#### TASK GOAL:
Only the lines below from the one that contains "MOSISO 15-15.6 inch" through the one that contains "Selling a Majorette" should appear in your answer, exact and without pictures.

#### SUPPLIED INFORMATION:
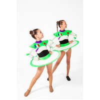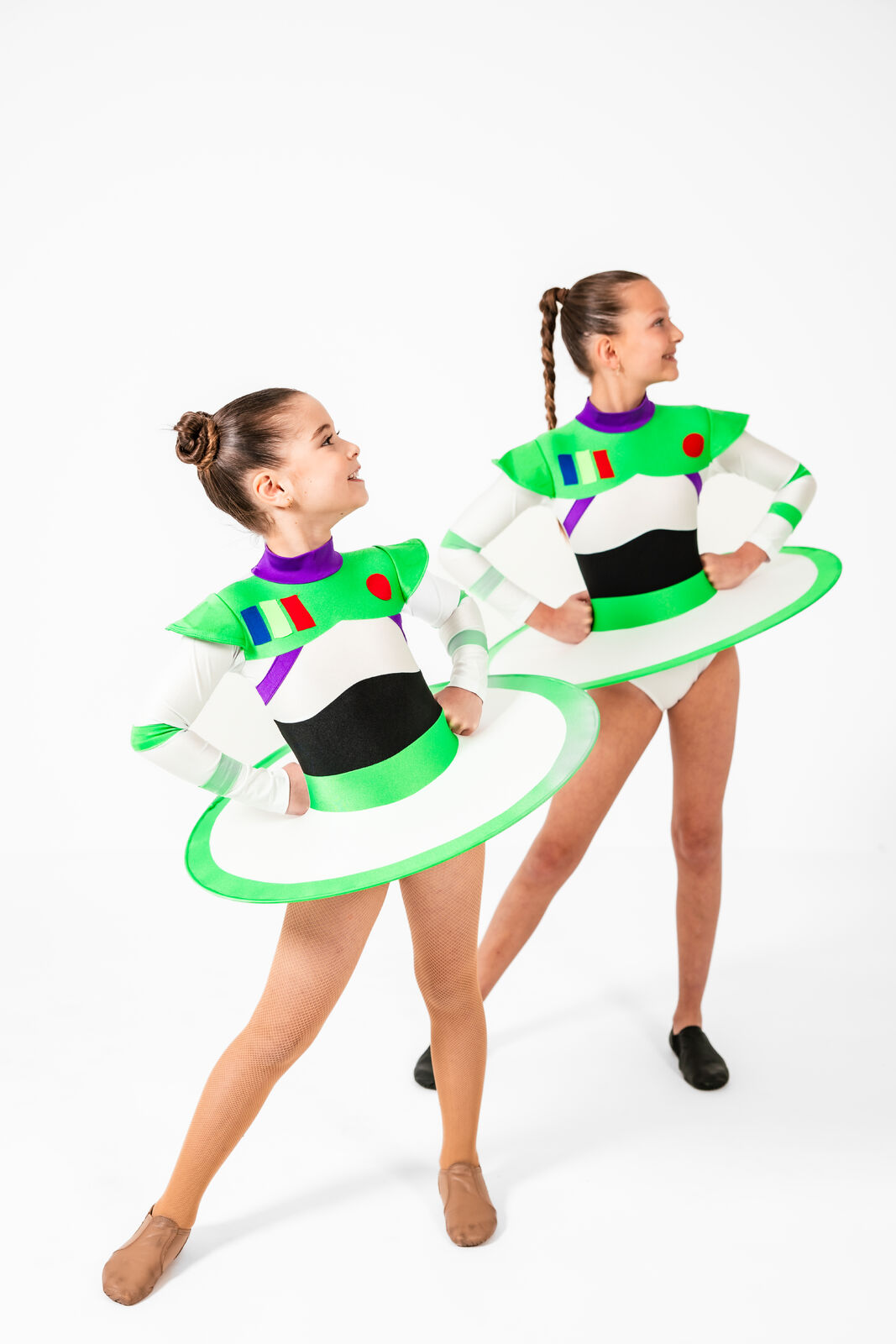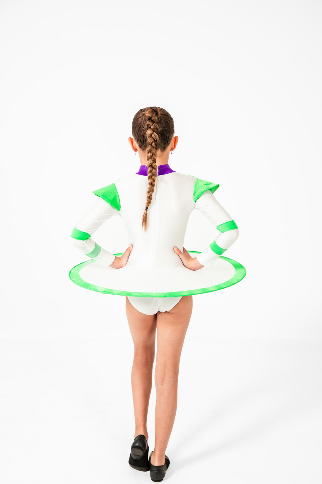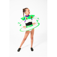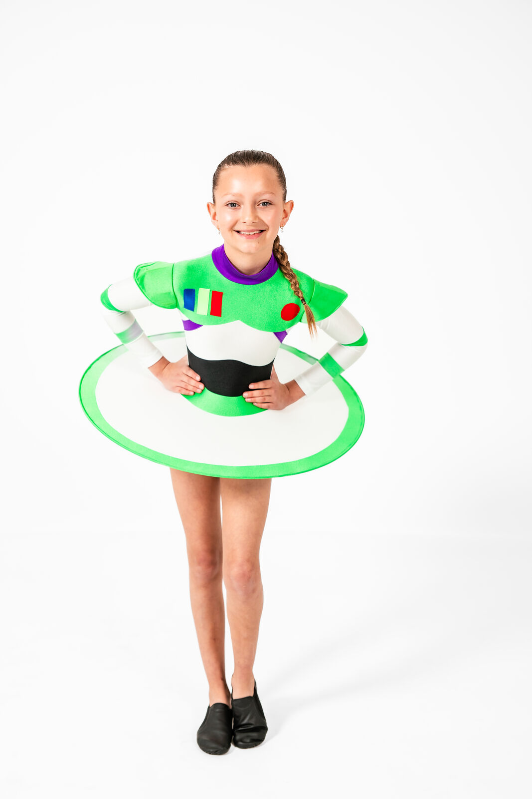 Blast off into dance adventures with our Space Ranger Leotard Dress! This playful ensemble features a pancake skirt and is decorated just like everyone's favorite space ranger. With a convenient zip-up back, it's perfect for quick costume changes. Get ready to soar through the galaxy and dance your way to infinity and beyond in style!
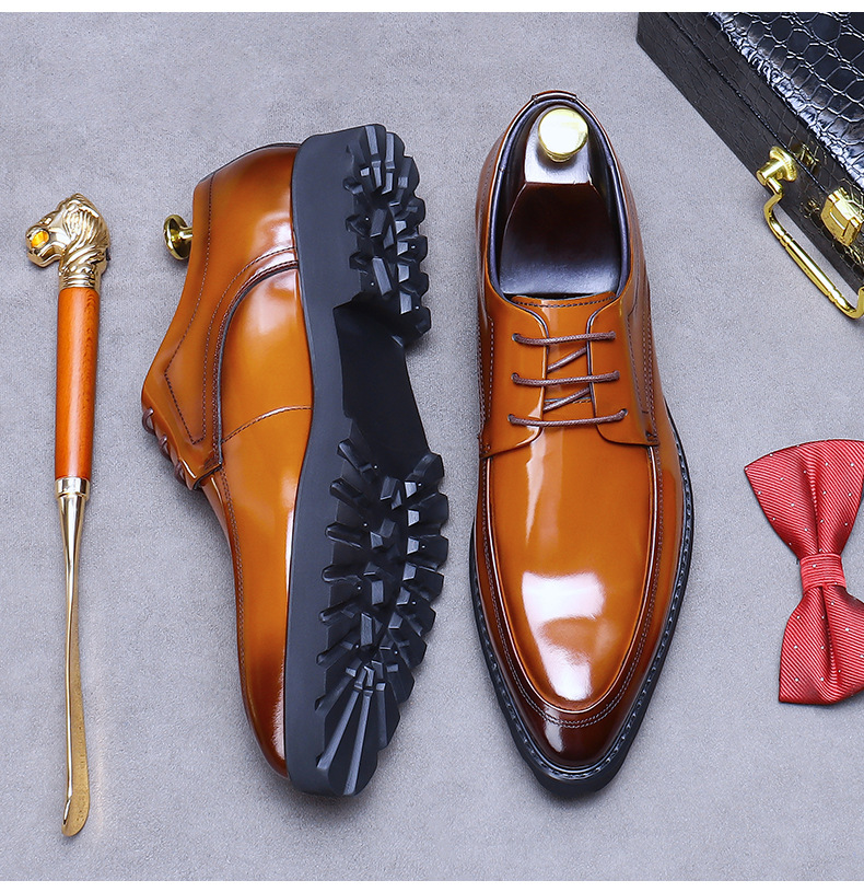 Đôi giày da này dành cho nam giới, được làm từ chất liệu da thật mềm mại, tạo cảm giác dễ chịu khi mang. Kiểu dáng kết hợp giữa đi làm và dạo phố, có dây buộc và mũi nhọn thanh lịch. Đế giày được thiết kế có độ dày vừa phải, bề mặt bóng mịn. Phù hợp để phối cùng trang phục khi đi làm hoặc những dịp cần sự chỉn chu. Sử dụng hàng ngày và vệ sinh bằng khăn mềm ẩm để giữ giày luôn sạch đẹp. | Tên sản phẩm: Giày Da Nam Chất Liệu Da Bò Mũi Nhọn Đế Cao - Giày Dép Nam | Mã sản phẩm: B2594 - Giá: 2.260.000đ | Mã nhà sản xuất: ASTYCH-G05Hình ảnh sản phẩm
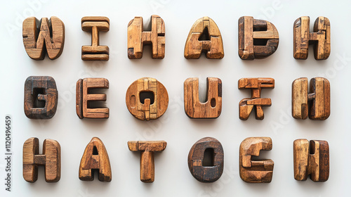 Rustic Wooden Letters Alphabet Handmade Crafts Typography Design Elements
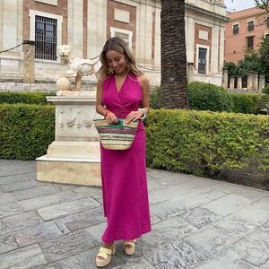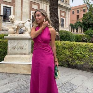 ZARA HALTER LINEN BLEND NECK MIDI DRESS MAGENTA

--

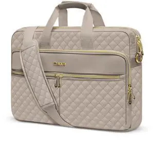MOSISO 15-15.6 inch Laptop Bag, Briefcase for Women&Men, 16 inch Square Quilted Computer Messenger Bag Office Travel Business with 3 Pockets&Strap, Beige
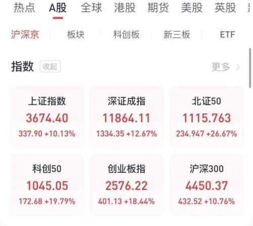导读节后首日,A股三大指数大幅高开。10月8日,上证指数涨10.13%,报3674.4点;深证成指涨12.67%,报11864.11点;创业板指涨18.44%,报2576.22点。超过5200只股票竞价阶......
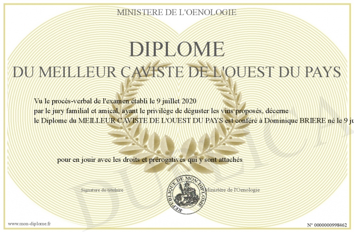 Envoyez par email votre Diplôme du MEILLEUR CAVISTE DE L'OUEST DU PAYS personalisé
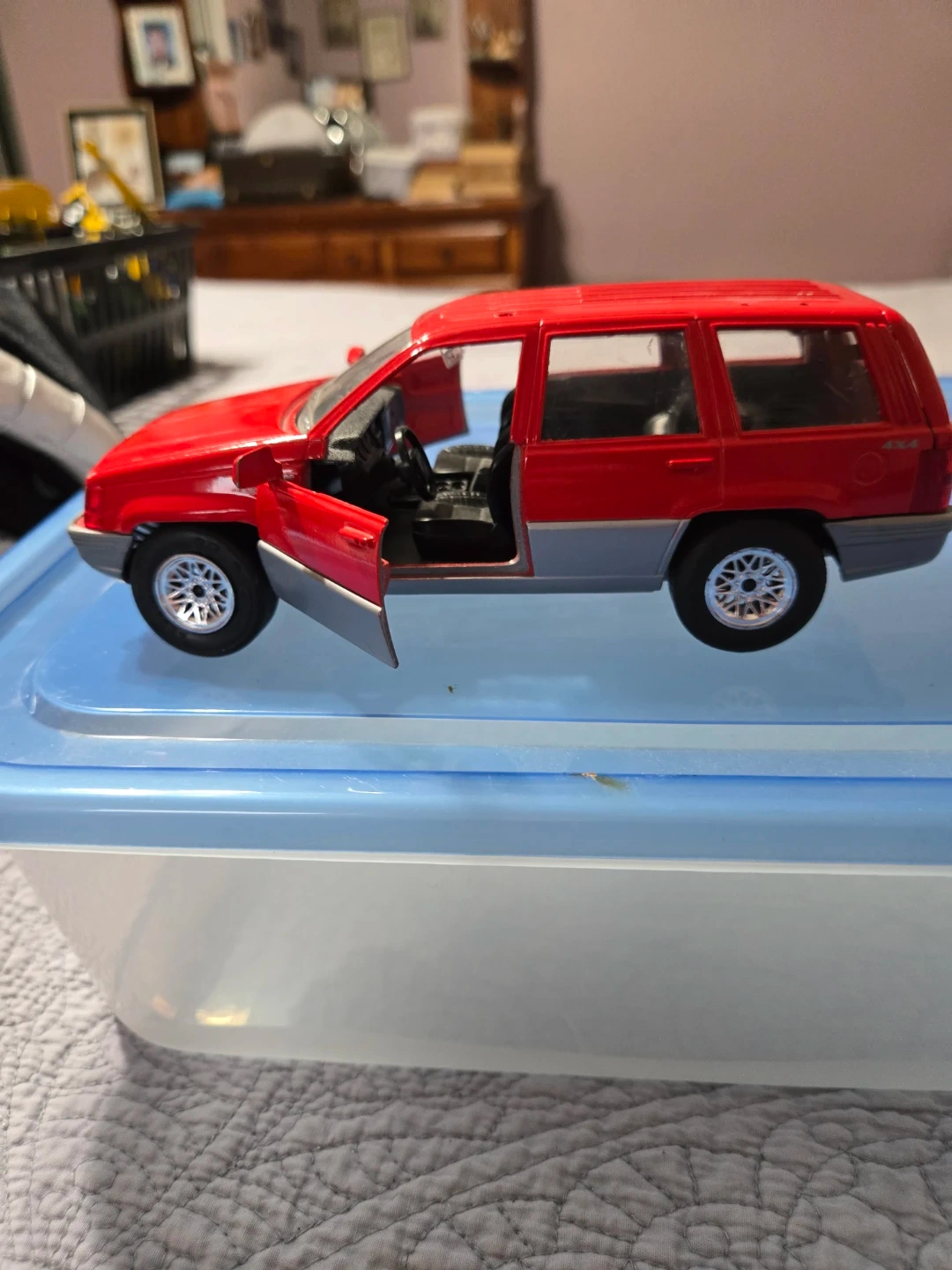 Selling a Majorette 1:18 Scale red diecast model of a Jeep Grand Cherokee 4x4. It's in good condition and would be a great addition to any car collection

...

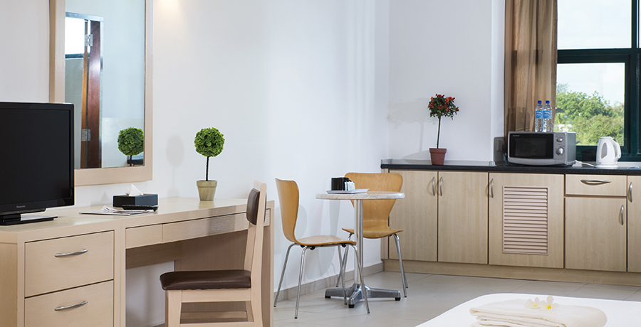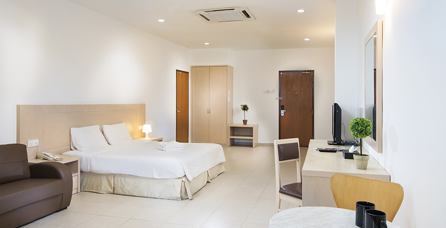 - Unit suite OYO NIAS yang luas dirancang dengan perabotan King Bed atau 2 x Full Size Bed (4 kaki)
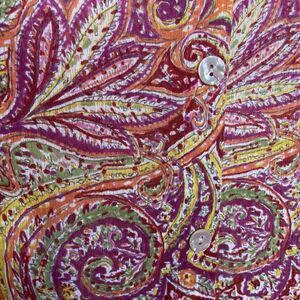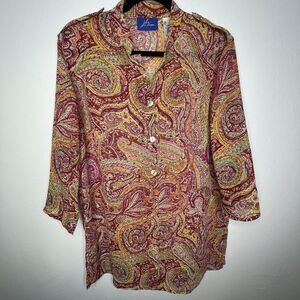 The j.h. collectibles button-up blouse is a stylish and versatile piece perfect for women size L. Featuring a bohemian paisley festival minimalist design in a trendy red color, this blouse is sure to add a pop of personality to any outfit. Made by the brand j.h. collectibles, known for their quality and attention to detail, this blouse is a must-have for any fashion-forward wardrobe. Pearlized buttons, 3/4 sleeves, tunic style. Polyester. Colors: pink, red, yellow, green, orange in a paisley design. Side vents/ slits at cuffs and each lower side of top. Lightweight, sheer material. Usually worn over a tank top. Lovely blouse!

#### SOLUTION TO THE PROBLEM:
MOSISO 15-15.6 inch Laptop Bag, Briefcase for Women&Men, 16 inch Square Quilted Computer Messenger Bag Office Travel Business with 3 Pockets&Strap, Beige
导读节后首日,A股三大指数大幅高开。10月8日,上证指数涨10.13%,报3674.4点;深证成指涨12.67%,报11864.11点;创业板指涨18.44%,报2576.22点。超过5200只股票竞价阶......
 Envoyez par email votre Diplôme du MEILLEUR CAVISTE DE L'OUEST DU PAYS personalisé
 Selling a Majorette 1:18 Scale red diecast model of a Jeep Grand Cherokee 4x4. It's in good condition and would be a great addition to any car collection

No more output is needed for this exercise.